The Q&A Archives: Plants for windy rooftops

Question: What trees and shrubs are good for a rooftop in New York City? We are on the seventh floor with a south/west exposure. It's pretty open space. We are planting in 24

Answer: Unfortunately, a windy rooftop in full sun (including the hot afternoon sun) like this can be quite difficult to plant successfully because the plants (and soil in the relatively uninsulated, exposed and limited container space) will dry out very quickly -- plants lose extra moisture through their foliage in a windy spot.

You will have to experiment and see what works best for you. If at all possible a windbreak would be really helpful in reducing overall stress on the plants. Generally speaking you will need plants that are tolerant of heat, wind, and somewhat dry soil. You might look at junipers for your evergreens along with possibly ornamental grasses. Lilac and burning bush might be possibilities as might smaller cultivars of crabapple. Keep in mind that it is not unusual to need to replace woody plants annually in this type of growing location.

Your local professional nursery staff may have some additional suggestions, or if you have a neighbor who is gardening in a similar location/exposure then you could compare notes and see what is working well for them.

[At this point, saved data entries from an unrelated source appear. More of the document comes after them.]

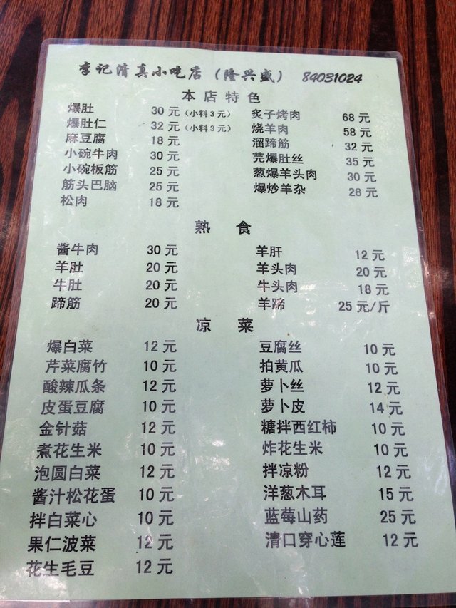 正因如此,再加上咱打小儿这片子长大,所以不论李记怎么被宣传、真的假的,都有点儿不屑去探的意思。不过二环外长大的那位老帽子可不这样儿,嚷嚷着好几次还是应该来尝尝,两周前,恰逢我独自活动,人家终于逮着机会,拽上俩人,据说是吃得倍儿美,回家又是喋喋不休又是给我看照片,给我的感觉就是,便宜的邪乎,好吃的邪乎
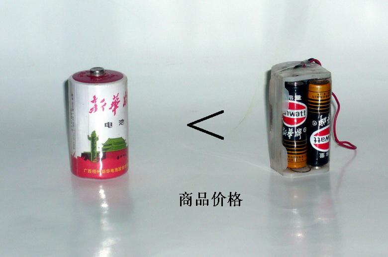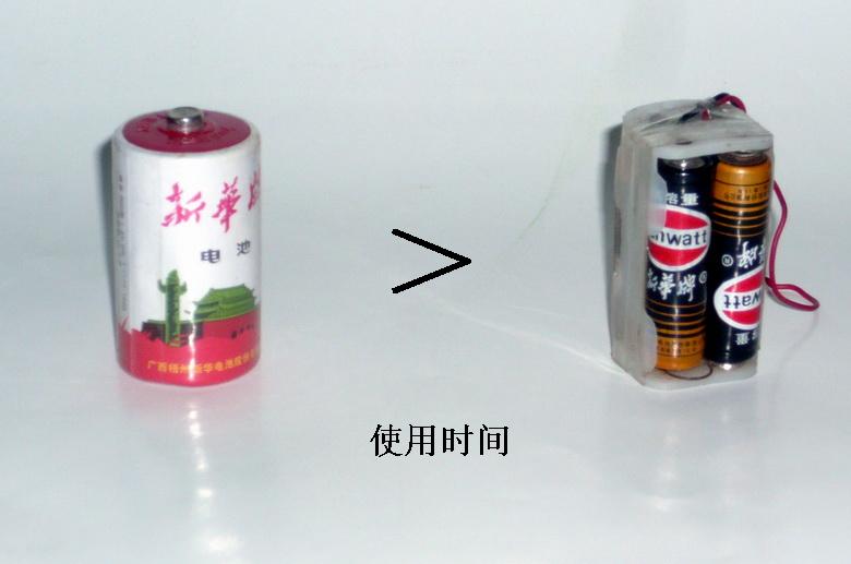 下面几张图片简单的说明了为什么要用一个1.5V大号电池替代四个1.5V小电池。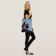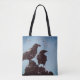 Tote bag with black ravens peering off together with a blue background. The image is distressed and overall has a "Gothic" look.

The soil mix should be a soil-less mix formulated for container plants. These are somewhat lighter in dry weight compared to a soil based mix, however once you add the necessary water to keep the soil evenly moist (not saturated, but damp like a wrung out sponge) then it does become quite heavy. For this reason I would suggest you check with a building engineer or architect to verify how much weight you can safely place there. Good luck with your project!